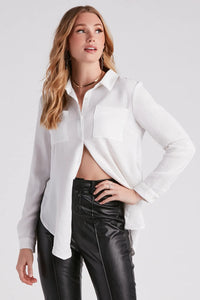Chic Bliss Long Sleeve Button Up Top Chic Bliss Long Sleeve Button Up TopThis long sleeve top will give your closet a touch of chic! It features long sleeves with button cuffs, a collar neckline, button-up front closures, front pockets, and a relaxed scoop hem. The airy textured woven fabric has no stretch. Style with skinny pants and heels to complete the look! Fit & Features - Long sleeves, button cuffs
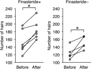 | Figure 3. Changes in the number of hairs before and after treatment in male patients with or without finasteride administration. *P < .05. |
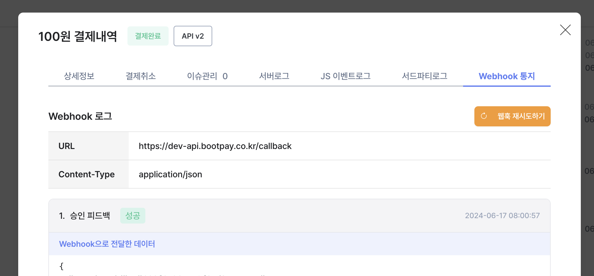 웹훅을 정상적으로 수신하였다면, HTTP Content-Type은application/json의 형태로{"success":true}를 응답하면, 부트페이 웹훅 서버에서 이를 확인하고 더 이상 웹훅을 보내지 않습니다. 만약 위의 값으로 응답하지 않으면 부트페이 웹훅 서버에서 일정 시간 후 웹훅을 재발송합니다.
:::::
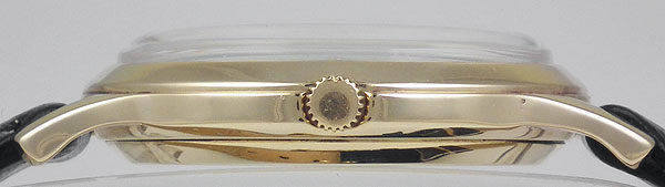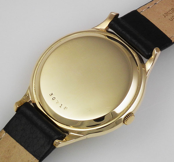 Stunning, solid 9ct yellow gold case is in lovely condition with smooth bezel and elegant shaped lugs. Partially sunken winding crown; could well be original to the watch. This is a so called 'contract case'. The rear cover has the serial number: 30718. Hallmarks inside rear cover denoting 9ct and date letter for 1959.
:::::
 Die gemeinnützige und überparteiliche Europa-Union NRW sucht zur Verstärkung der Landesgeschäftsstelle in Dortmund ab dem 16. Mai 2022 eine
:::::
• **AIM OF THE EXERCISE**
When you reach the line with "administration. *P < .05. |" in the records above, start writing out each line exactly, and stop after the line with "웹훅을 정상적으로 수신하였다면, HTTP". Pictures stay out.

• **TASK OUTPUT**
 | Figure 3. Changes in the number of hairs before and after treatment in male patients with or without finasteride administration. *P < .05. |
 웹훅을 정상적으로 수신하였다면, HTTP Content-Type은application/json의 형태로{"success":true}를 응답하면, 부트페이 웹훅 서버에서 이를 확인하고 더 이상 웹훅을 보내지 않습니다. 만약 위의 값으로 응답하지 않으면 부트페이 웹훅 서버에서 일정 시간 후 웹훅을 재발송합니다.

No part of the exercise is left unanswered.